Among the long string of bad economic news from the last few years, there is something to celebrate: The political consensus in Washington that government could keep on growing at no cost to the growing economy has finally broken down. The size and scope of government is now the defining issue of our time. It is a welcome debate. However, it has centered on spending, which is only part of what government does. Regulation and tax policy are equally important.

Legendary entrepreneur Steve Wynn (who usually supports Democrats) put it bluntly a few days ago, when he said: "[T]his administration is the greatest wet blanket to business, and progress and job creation in my lifetime. And I can prove it and I could spend the next three hours giving you examples of all of us in this marketplace that are frightened to death about all the new regulations, our health care costs escalate, regulations coming from left and right… And it makes you slow down and not invest your money."

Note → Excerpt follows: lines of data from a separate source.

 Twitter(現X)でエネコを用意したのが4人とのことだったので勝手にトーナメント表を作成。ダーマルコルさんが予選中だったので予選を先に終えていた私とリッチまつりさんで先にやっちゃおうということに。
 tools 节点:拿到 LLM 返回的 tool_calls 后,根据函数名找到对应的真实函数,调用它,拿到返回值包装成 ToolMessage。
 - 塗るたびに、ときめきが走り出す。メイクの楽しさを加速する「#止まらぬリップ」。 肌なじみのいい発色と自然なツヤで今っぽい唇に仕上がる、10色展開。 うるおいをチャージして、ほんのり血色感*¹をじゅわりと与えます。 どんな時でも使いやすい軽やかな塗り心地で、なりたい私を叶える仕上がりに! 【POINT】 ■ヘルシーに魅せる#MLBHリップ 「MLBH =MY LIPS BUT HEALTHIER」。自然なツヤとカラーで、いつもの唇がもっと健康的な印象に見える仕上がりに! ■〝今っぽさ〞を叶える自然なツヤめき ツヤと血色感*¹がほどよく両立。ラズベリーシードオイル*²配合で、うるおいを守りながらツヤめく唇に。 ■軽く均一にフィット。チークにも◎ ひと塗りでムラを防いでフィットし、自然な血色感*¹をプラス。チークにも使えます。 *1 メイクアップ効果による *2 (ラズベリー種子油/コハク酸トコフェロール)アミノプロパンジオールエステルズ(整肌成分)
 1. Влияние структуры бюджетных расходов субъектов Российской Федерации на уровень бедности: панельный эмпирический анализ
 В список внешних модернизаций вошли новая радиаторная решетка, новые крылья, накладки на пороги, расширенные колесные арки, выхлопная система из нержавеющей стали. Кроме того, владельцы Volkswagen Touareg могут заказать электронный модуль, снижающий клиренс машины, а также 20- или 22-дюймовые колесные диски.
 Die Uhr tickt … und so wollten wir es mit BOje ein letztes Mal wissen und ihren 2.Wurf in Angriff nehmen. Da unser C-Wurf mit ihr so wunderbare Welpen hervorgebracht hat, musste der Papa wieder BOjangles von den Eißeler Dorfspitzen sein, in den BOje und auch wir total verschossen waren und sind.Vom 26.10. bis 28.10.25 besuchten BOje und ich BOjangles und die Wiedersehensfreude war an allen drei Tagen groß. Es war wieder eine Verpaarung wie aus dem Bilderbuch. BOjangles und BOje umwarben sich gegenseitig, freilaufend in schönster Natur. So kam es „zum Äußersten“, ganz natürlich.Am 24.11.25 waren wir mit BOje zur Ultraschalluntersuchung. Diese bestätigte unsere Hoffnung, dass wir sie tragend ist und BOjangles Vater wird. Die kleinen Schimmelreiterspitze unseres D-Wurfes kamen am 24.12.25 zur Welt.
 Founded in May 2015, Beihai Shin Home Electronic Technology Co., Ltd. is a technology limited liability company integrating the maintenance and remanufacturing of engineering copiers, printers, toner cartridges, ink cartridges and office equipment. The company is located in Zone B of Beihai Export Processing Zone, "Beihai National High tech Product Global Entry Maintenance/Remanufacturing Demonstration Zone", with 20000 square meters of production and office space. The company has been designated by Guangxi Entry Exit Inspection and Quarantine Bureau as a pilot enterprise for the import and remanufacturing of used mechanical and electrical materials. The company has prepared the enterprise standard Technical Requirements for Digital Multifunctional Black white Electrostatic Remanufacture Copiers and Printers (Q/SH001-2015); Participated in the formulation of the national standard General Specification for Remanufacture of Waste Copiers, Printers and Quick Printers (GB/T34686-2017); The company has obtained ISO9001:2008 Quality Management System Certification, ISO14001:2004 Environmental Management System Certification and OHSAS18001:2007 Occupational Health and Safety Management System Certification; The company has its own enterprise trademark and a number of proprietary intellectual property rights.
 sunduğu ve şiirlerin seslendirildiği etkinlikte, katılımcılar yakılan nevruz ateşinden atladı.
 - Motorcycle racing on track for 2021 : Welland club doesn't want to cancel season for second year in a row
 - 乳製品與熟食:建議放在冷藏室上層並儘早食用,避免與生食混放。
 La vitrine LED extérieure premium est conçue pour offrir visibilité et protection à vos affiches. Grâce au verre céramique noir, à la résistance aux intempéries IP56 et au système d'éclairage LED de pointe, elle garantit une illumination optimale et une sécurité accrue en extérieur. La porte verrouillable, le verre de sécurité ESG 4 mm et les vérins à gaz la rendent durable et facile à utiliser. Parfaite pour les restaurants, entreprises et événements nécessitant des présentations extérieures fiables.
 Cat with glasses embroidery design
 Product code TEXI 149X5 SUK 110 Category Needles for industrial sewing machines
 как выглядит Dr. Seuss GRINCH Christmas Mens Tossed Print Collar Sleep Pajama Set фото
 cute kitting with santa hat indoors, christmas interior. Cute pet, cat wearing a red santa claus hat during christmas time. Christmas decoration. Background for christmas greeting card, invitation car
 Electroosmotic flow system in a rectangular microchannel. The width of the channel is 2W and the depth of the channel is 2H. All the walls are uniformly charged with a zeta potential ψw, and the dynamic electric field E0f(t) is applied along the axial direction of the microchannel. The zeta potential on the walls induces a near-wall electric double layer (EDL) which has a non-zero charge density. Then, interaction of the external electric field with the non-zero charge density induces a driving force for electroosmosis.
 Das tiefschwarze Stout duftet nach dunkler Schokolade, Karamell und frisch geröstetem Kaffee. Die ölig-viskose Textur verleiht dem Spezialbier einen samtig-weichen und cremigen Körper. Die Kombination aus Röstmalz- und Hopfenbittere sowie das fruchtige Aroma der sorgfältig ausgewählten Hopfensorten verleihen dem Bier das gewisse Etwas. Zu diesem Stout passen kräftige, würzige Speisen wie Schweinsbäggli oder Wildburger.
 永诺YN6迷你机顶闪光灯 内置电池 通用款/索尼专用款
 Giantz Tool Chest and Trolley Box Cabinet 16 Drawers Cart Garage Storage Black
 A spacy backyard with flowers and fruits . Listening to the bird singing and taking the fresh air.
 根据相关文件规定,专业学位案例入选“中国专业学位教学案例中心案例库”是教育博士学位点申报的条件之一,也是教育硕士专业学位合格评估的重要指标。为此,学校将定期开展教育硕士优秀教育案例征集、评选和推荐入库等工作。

Wynn is right. If we want Americans to get back to work, we must tackle overweening government now. A recent survey by the U.S. Chamber of Commerce found that 64 percent of small businesses will not hire anyone in the next year. The reasons given all concern government: taxation, regulation, and the threat of new legislation.

A sterling example of Wynn's point is the Dodd-Frank law that was supposed to solve the problems that led to the 2008 financial collapse. It empowered regulators to decide which firms are "systemically important" -- too big to fail, in other words. Enshrining this concept into law will only make huge financial losses more likely, as firms deemed too big to fail will have an incentive to take more risks, in the knowledge that the government will bail them out when they get into trouble.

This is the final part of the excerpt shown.